* [Exercise objective] Every entry is to be returned as it stands, apart from the pictures.

Stored entries

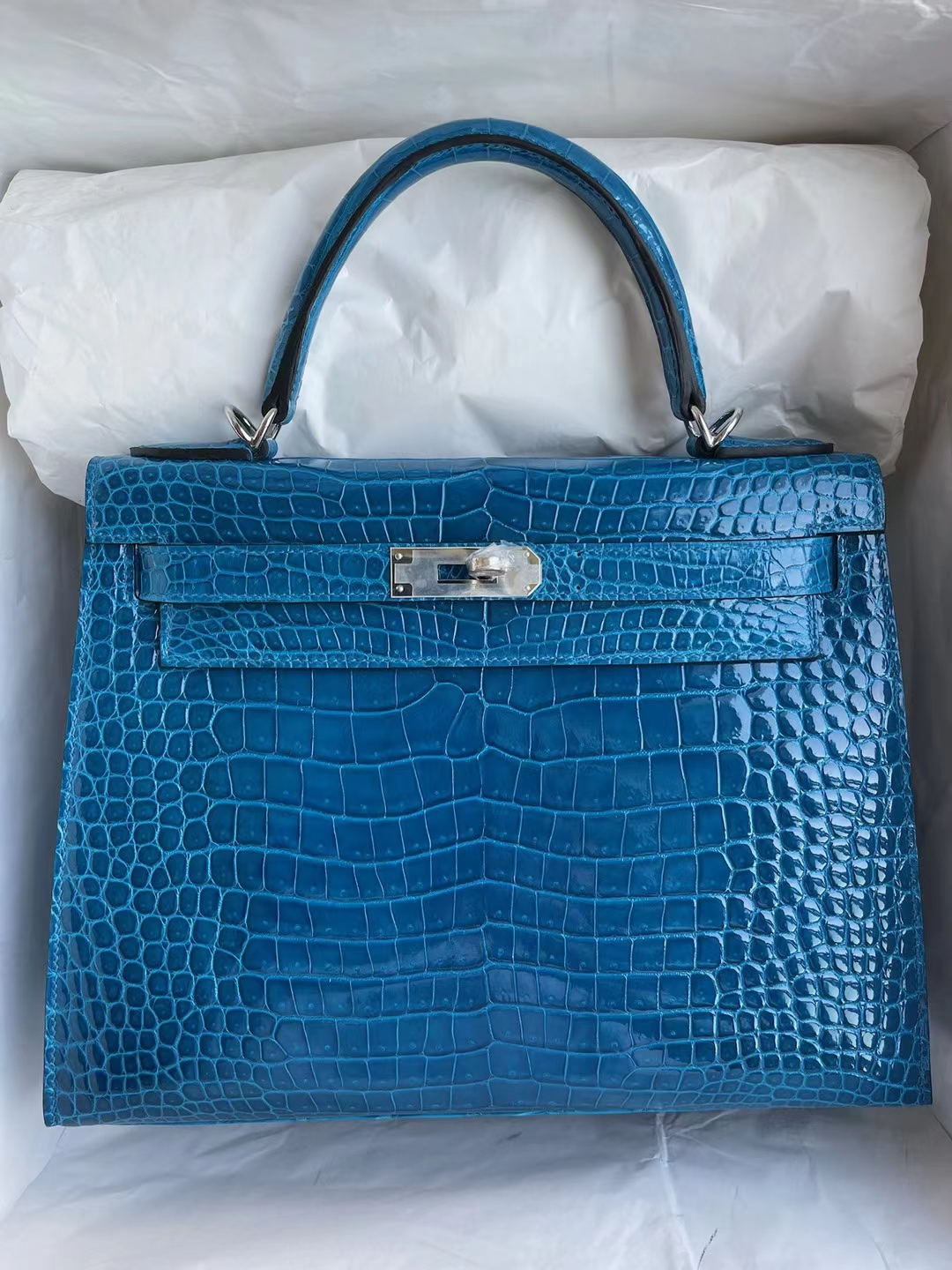 Uncle Bench Hermes Kelly 28cm shiny alligator crocodile 7w Izmir blue Silver Hardware Full Handmade January 24, 2022 Uncle Bench Factory Kelly Kelly 28CM Kelly 28cm shiny alligator crocodile 7w Izmir blue Silver Hardware Full Handmade
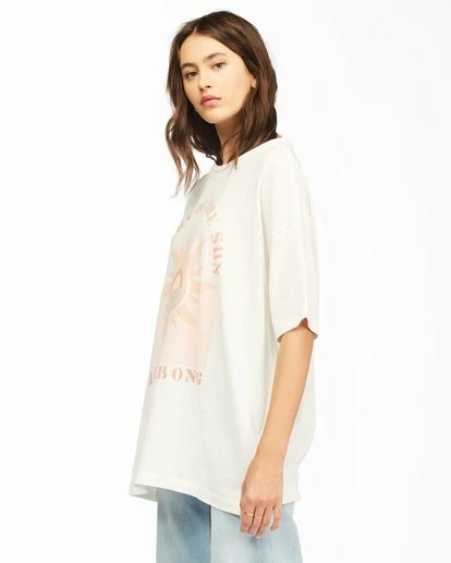 Lovers of the sun unite in the Shine Bright T-Shirt. An oversized graphic tee that matches your natural glow, this women’s true boy style t-shirt is made with cotton jersey in a mid-weight thickness reminiscent of a vintage tee from the 80s. Piece dyed to create a naturally well-worn look and feel, this year-round staple features a statement graphic printed on the front chest.
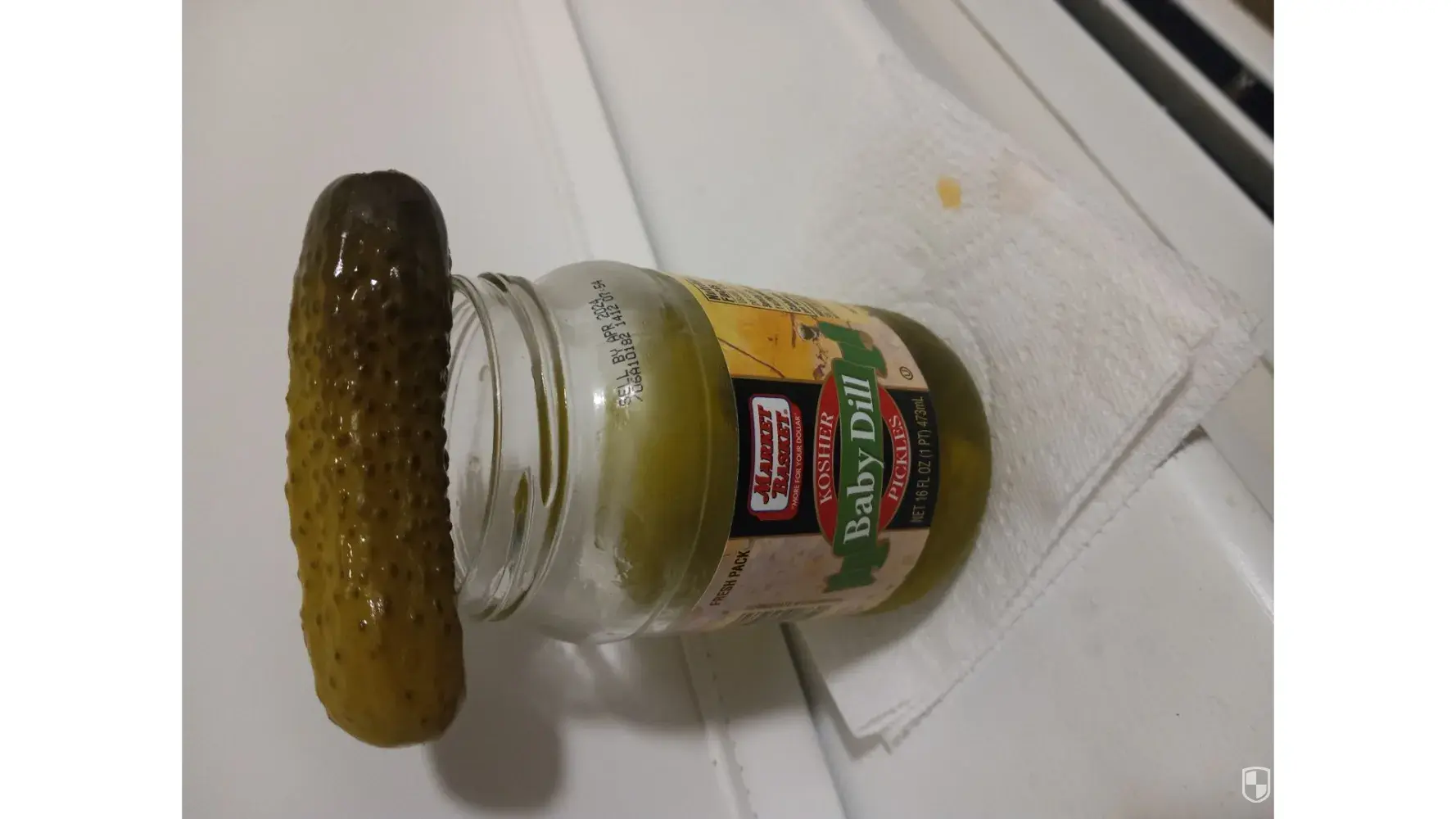 As I'm eating my baby dills I reach in the jar and pull out this big full size pickle. I'm very sad/unhappy/unsatisfied now I have hardly any baby dills left.
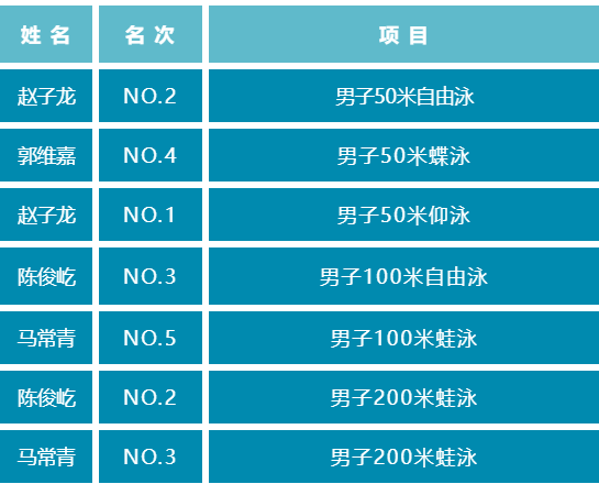 本次比赛分为男子组和女子组,共有50米蝶泳、50米仰泳、50米蛙泳、50米自由泳、100米自由泳、100米蛙泳、200米自由泳、200米蛙泳八种项目。85po共有8名学生参赛,经过激烈角逐,获得男子50米仰泳第1名、男子50米自由泳第2名、男子200米蛙泳第2名、男子200米蛙泳第3名、男子100米自由泳第3名等成绩,展现了电气学子的拼搏精神和昂扬锐气。
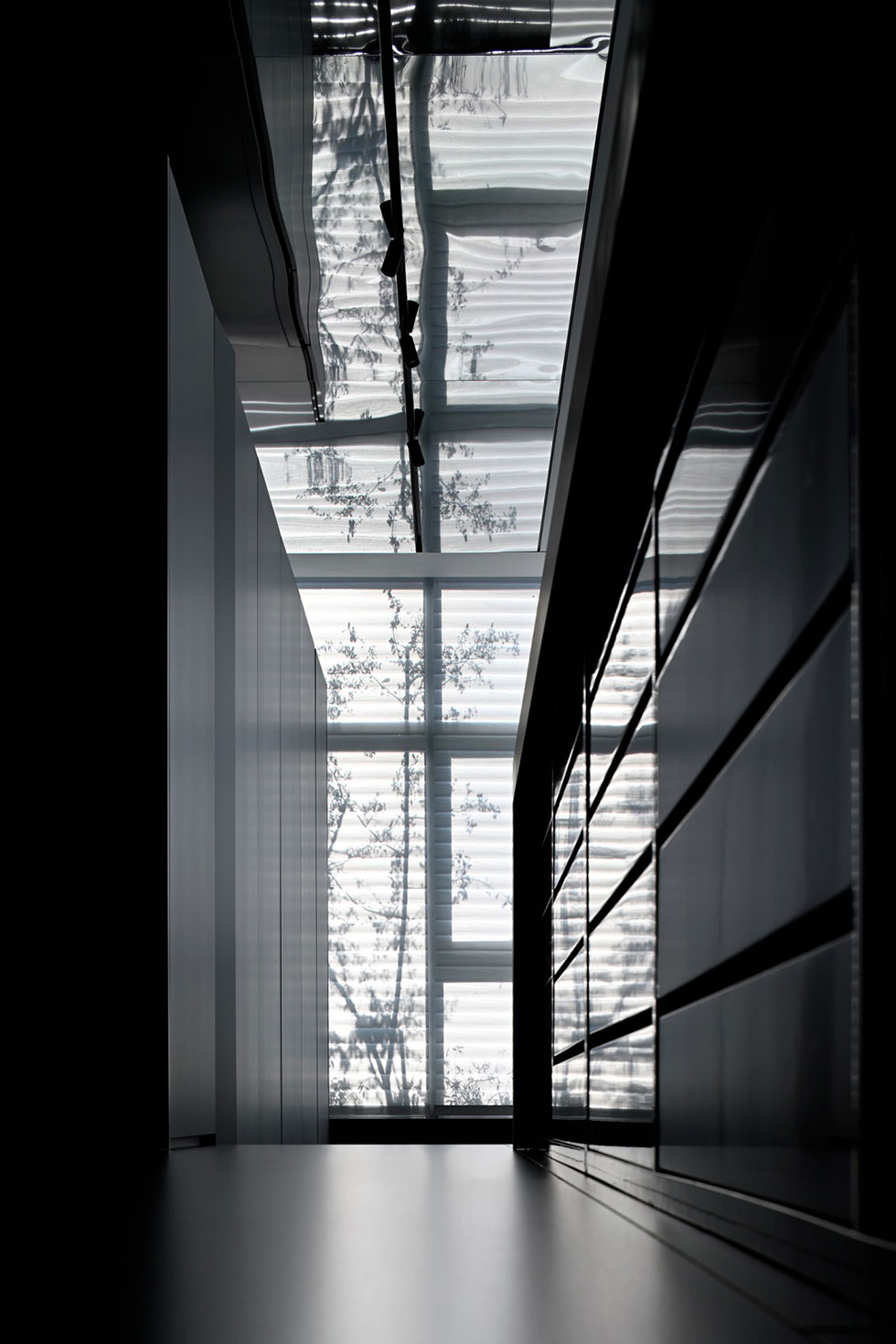 在天花板及過道中懸掛黑色金屬燈飾,采用直線式設計,突出簡約的美學,提升空間的時尚感。
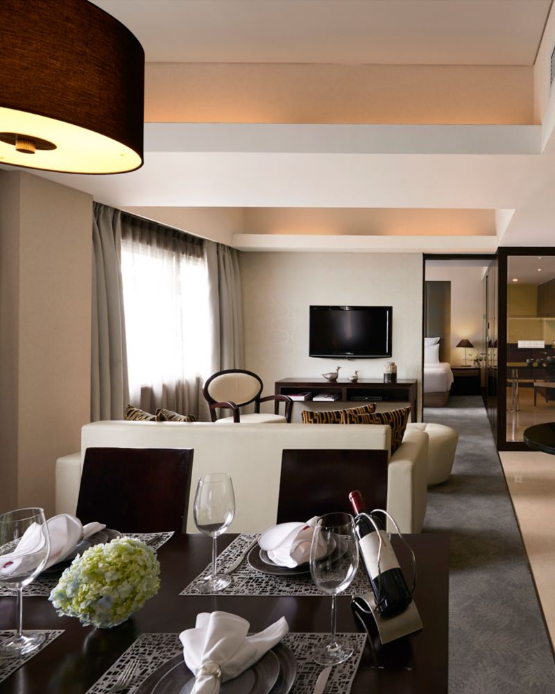 Modern 39 m² room in Jakarta's CBD featuring sofa lounge and ergonomic work desk. Enjoy an elegant raised bath and separate tranquil rain shower. Complimentary WiFi internet.
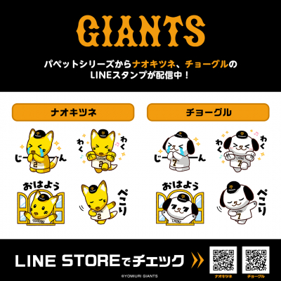 記念すべき第2弾は、吉川尚輝選手の「ナオキツネ」と、長野久義選手の「チョーグル」の2点の同時配信となり、どちらも株式会社インクルーズが描き起こした特別なデザインとなっております。
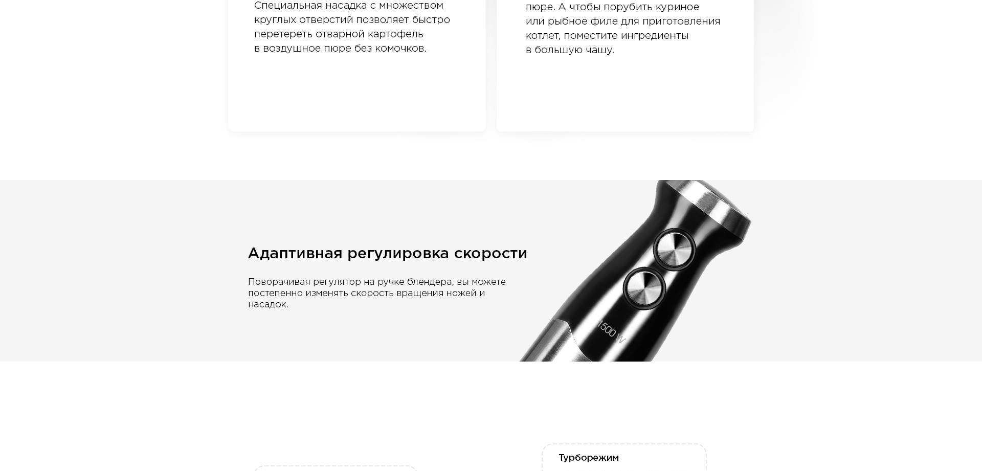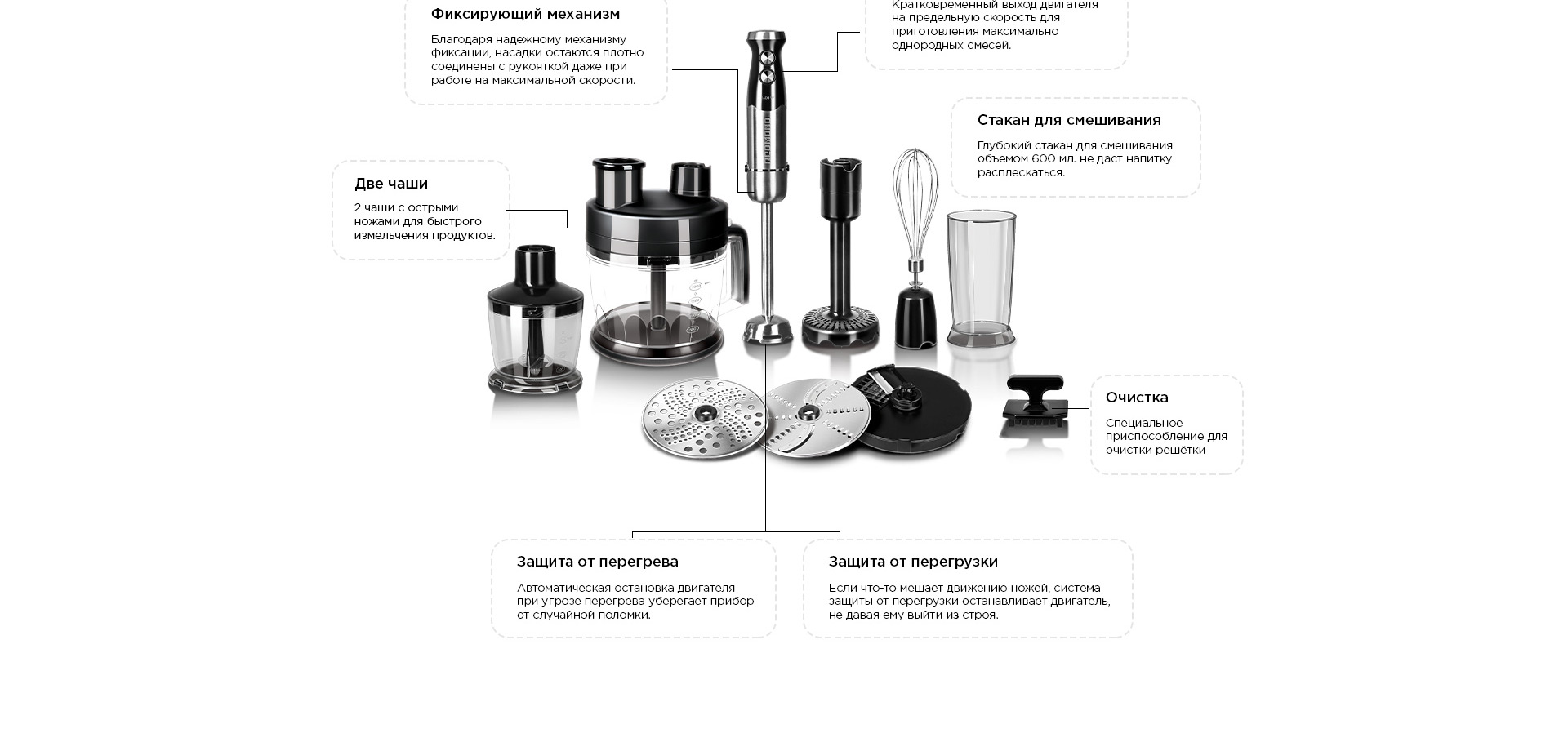 Поворачивая регулятор на ручке блендера, вы можете постепенно изменять скорость вращения ножей и насадок в диапазоне 10 200-13 500 об/мин. Таким образом вы легко подберете оптимальный режим и для измельчения твердых продуктов, и для смешивания мягких ингредиентов.

* [Written solution]
 Uncle Bench Hermes Kelly 28cm shiny alligator crocodile 7w Izmir blue Silver Hardware Full Handmade January 24, 2022 Uncle Bench Factory Kelly Kelly 28CM Kelly 28cm shiny alligator crocodile 7w Izmir blue Silver Hardware Full Handmade
 Lovers of the sun unite in the Shine Bright T-Shirt. An oversized graphic tee that matches your natural glow, this women’s true boy style t-shirt is made with cotton jersey in a mid-weight thickness reminiscent of a vintage tee from the 80s. Piece dyed to create a naturally well-worn look and feel, this year-round staple features a statement graphic printed on the front chest.
 As I'm eating my baby dills I reach in the jar and pull out this big full size pickle. I'm very sad/unhappy/unsatisfied now I have hardly any baby dills left.
 本次比赛分为男子组和女子组,共有50米蝶泳、50米仰泳、50米蛙泳、50米自由泳、100米自由泳、100米蛙泳、200米自由泳、200米蛙泳八种项目。85po共有8名学生参赛,经过激烈角逐,获得男子50米仰泳第1名、男子50米自由泳第2名、男子200米蛙泳第2名、男子200米蛙泳第3名、男子100米自由泳第3名等成绩,展现了电气学子的拼搏精神和昂扬锐气。
 在天花板及過道中懸掛黑色金屬燈飾,采用直線式設計,突出簡約的美學,提升空間的時尚感。
 Modern 39 m² room in Jakarta's CBD featuring sofa lounge and ergonomic work desk. Enjoy an elegant raised bath and separate tranquil rain shower. Complimentary WiFi internet.
 記念すべき第2弾は、吉川尚輝選手の「ナオキツネ」と、長野久義選手の「チョーグル」の2点の同時配信となり、どちらも株式会社インクルーズが描き起こした特別なデザインとなっております。
 Поворачивая регулятор на ручке блендера, вы можете постепенно изменять скорость вращения ножей и насадок в диапазоне 10 200-13 500 об/мин. Таким образом вы легко подберете оптимальный режим и для измельчения твердых продуктов, и для смешивания мягких ингредиентов.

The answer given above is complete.